La métropole a répondu mardi 7 février aux questions du journal local Petit Bulletin, et argue d’une décision motivée par le manque d’emplacements fixes disponibles sur le secteur fluvial du Grand Lyon ; priorité à la circulation, on ne souhaite pas "accroître le nombre de bateaux stationnaires." Un argument établi, comme en atteste le témoignage de Romain Blachier, en charge de la culture dans le 7e arrondissement ; lui, souhaitait accueillir le Sonic, une péniche-club rock de la ville, et s’est vu opposer un refus au même motif.

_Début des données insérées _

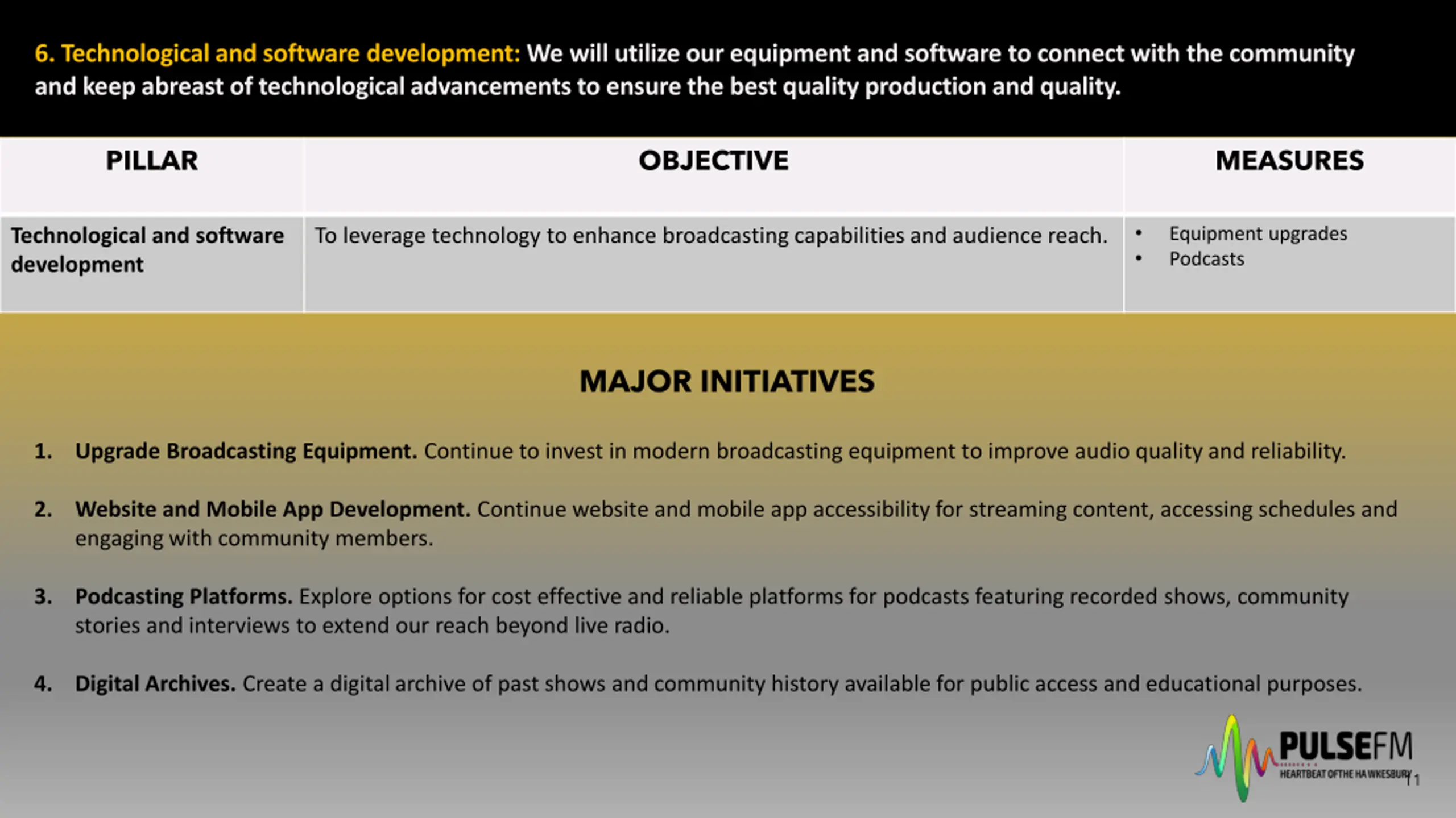 6. Technological and software development: We will utilize our equipment and software to connect with the community and keep abreast of technological advancements to ensure the best quality production and quality. PILLAR OBJECTIVE MEASURES Equipment upgrades Podcasts Technological and software development To leverage technology to enhance broadcasting capabilities and audience reach. MAJOR INITIATIVES 1. Upgrade Broadcasting Equipment. Continue to invest in modern broadcasting equipment to improve audio quality and reliability. 2. Website and Mobile App Development. Continue website and mobile app accessibility for streaming content, accessing schedules and engaging with community members. 3. Podcasting Platforms. Explore options for cost effective and reliable platforms for podcasts featuring recorded shows, community stories and interviews to extend our reach beyond live radio. 4. Digital Archives. Create a digital archive of past shows and community history available for public access and educational purposes. 11

Comment le projet a-t-il alors pu s’approcher autant de la complétion, s’il était condamné d’avance ? Selon Roland Bernard, conseiller délégué en charge du Fleuve et de ses Aménagements, un refus avait été adressé à Mona Van Cocto, le propriétaire du groupe qui possède le Razzle, mais aussi le Batofar à Paris et l'I.BOAT à Bordeaux, par courrier dès le 17 août 2016. "Ils ont tout fait à l'envers, ont acheté le bateau, entamé des travaux, sans vérifier la disponibilité d'un emplacement ni solliciter une autorisation. Ils sont venus me voir en dernier."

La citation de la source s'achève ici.